Data items
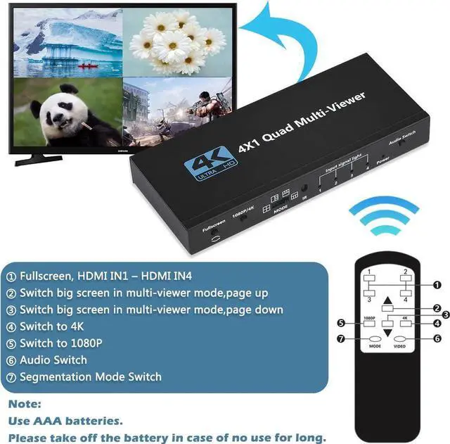 Supports 4 HDMI input, 1 HDMI output.
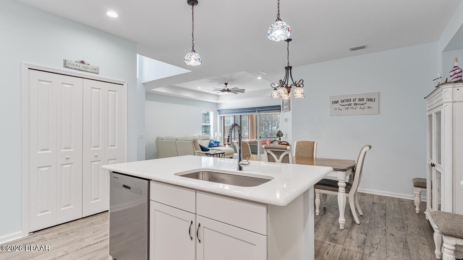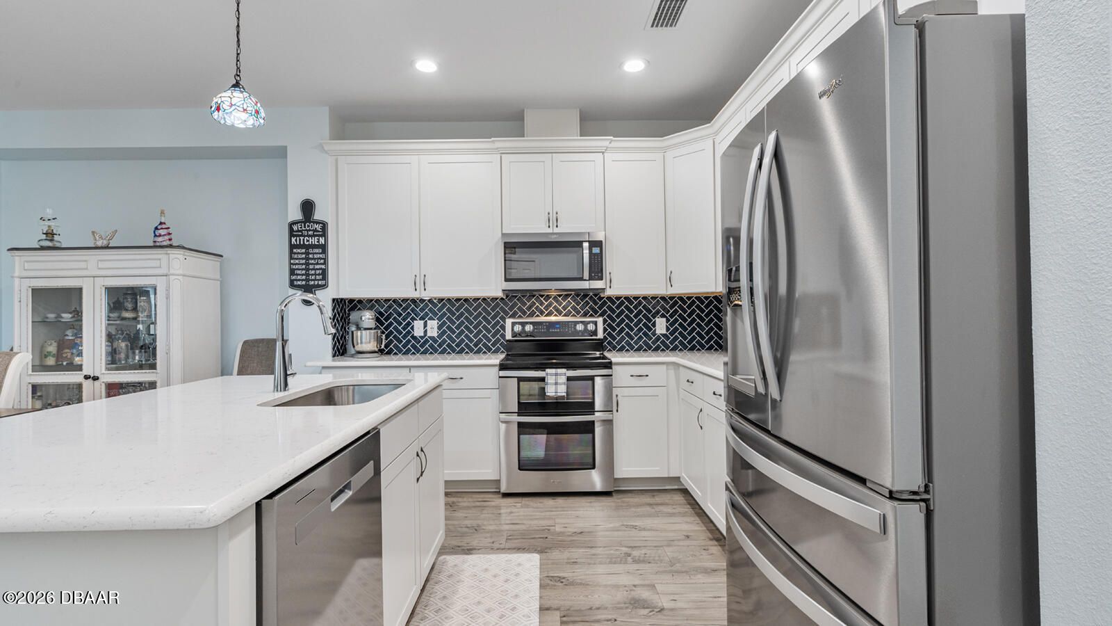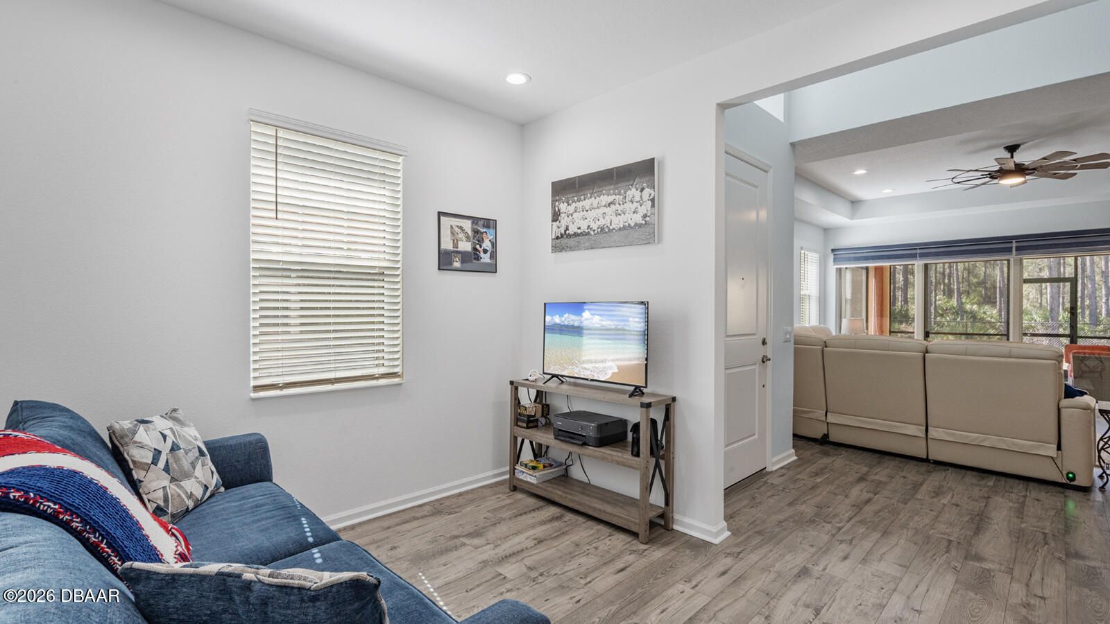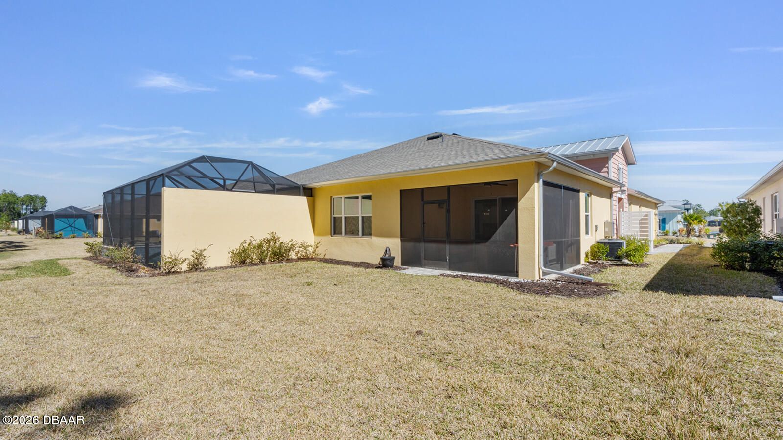 Gorgeous 2 Bedroom 2 Bath + Office/Dev Villa with upgrades Galore already done for you. Amenity Side of the Neighborhood. No Rear Neighbor's. Screened and Covered Lanai with Beautiful Views. Quartz Counters Throughout, Decorator Interior Paint, Easy to Maintain Laminate and Tile Throughout, Custom Closet in Primary. Kitchen Features: Stainless Appliances, Double Oven and lots of Cabinet Storage Space + Pantry. Come live your Best Life at Latitudes 55+ Daytona Beach. Includes: Live Music, Health Club, Pickleball, Tennis, Boccee, Restaurant, Bar, Towncenter, Resort Pool, Mango Theater,...and an amazing Private Beach Club! Jump in your Golf Cart to Grocery Shop, go to Restaurants and any/all Community Amenities or just to see Friends.
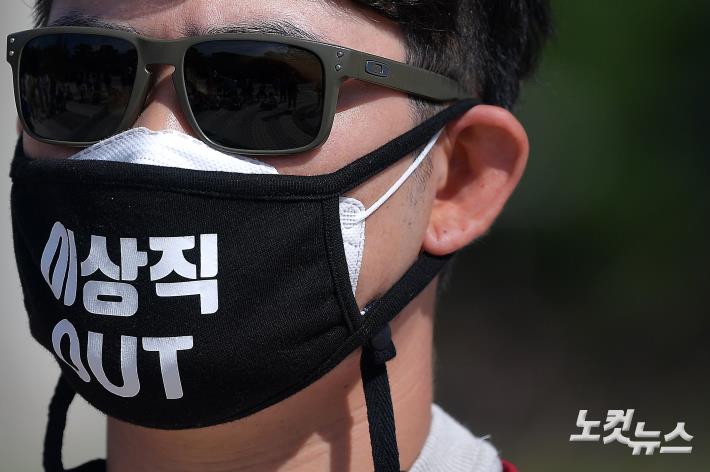 제주항공과의 인수합병이 무산된 이스타항공이 임직원 605명에게 정리해고를 통보한 가운데 8일 서울 청와대 분수대 앞에서 이스타항공 조종사노조가 대량 정리해고 사태 해결을 촉구하는 기자회견을 하고 있다.
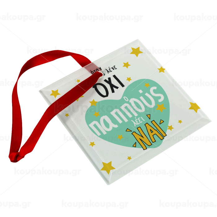 Όταν οι γονείς λένε ΟΧΙ, ο παππούς λέει ΝΑΙ, Christmas ornament, glass square ornament 9x9cm
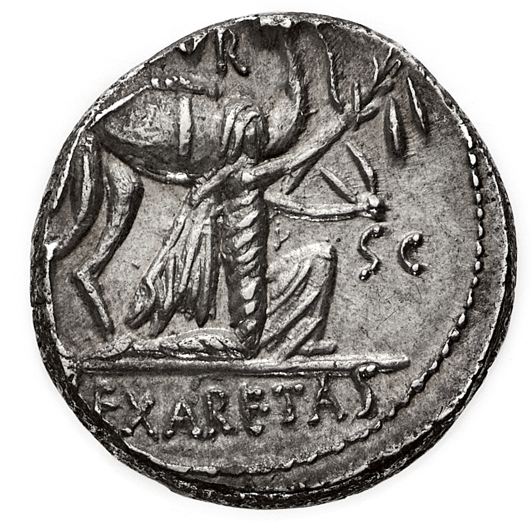 DENARIO AI NOMI M.SCAVR, P.HVPSAEVS AED.CVR DATABILE AL 58 A.C.
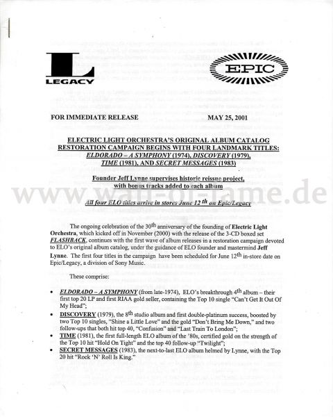 Original presskit for the CD remaster campaign of ELO. EUR 75,-
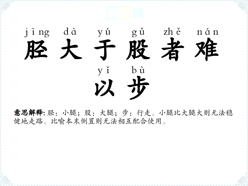 "胫大于股者难以步"的意思解释、胫大于股者难以步是什么意思由翻译网汉语词典查词提供。
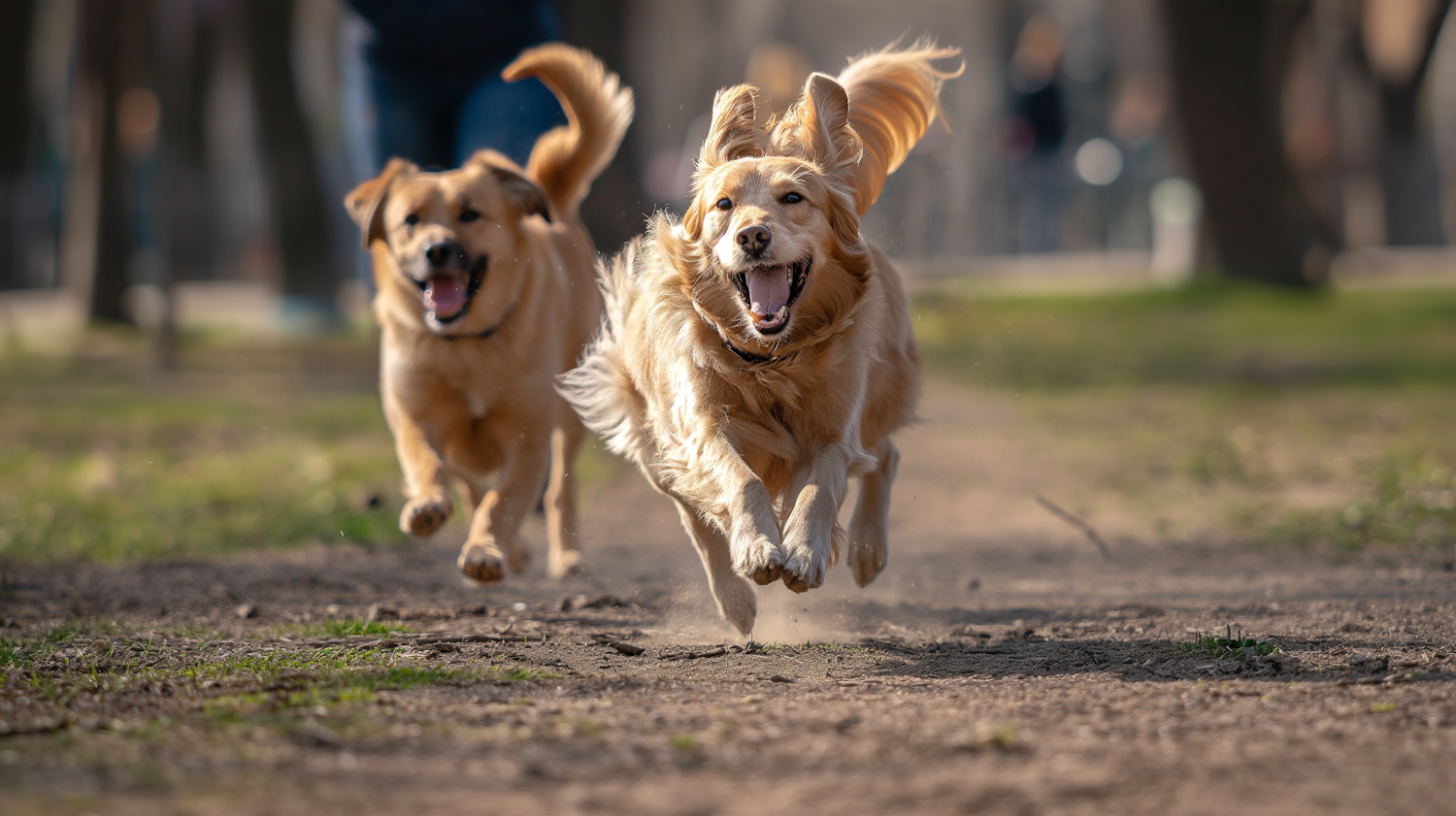 Two golden retrievers joyfully running on a dirt path, ears flapping, in a sunlit park setting.
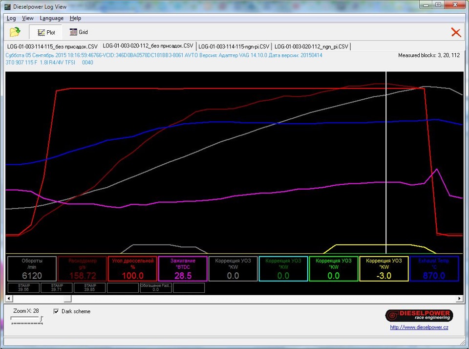 С начала снимал логи на чистом бензине, потом добавил PETROL IMPROVER, покатался и снял логи заново.

**Work item:** Omit the pictures and restate the rest of the records verbatim.

**Result of this task:**
 Supports 4 HDMI input, 1 HDMI output.
 Gorgeous 2 Bedroom 2 Bath + Office/Dev Villa with upgrades Galore already done for you. Amenity Side of the Neighborhood. No Rear Neighbor's. Screened and Covered Lanai with Beautiful Views. Quartz Counters Throughout, Decorator Interior Paint, Easy to Maintain Laminate and Tile Throughout, Custom Closet in Primary. Kitchen Features: Stainless Appliances, Double Oven and lots of Cabinet Storage Space + Pantry. Come live your Best Life at Latitudes 55+ Daytona Beach. Includes: Live Music, Health Club, Pickleball, Tennis, Boccee, Restaurant, Bar, Towncenter, Resort Pool, Mango Theater,...and an amazing Private Beach Club! Jump in your Golf Cart to Grocery Shop, go to Restaurants and any/all Community Amenities or just to see Friends.
 제주항공과의 인수합병이 무산된 이스타항공이 임직원 605명에게 정리해고를 통보한 가운데 8일 서울 청와대 분수대 앞에서 이스타항공 조종사노조가 대량 정리해고 사태 해결을 촉구하는 기자회견을 하고 있다.
 Όταν οι γονείς λένε ΟΧΙ, ο παππούς λέει ΝΑΙ, Christmas ornament, glass square ornament 9x9cm
 DENARIO AI NOMI M.SCAVR, P.HVPSAEVS AED.CVR DATABILE AL 58 A.C.
 Original presskit for the CD remaster campaign of ELO. EUR 75,-
 "胫大于股者难以步"的意思解释、胫大于股者难以步是什么意思由翻译网汉语词典查词提供。
 Two golden retrievers joyfully running on a dirt path, ears flapping, in a sunlit park setting.
 С начала снимал логи на чистом бензине, потом добавил PETROL IMPROVER, покатался и снял логи заново.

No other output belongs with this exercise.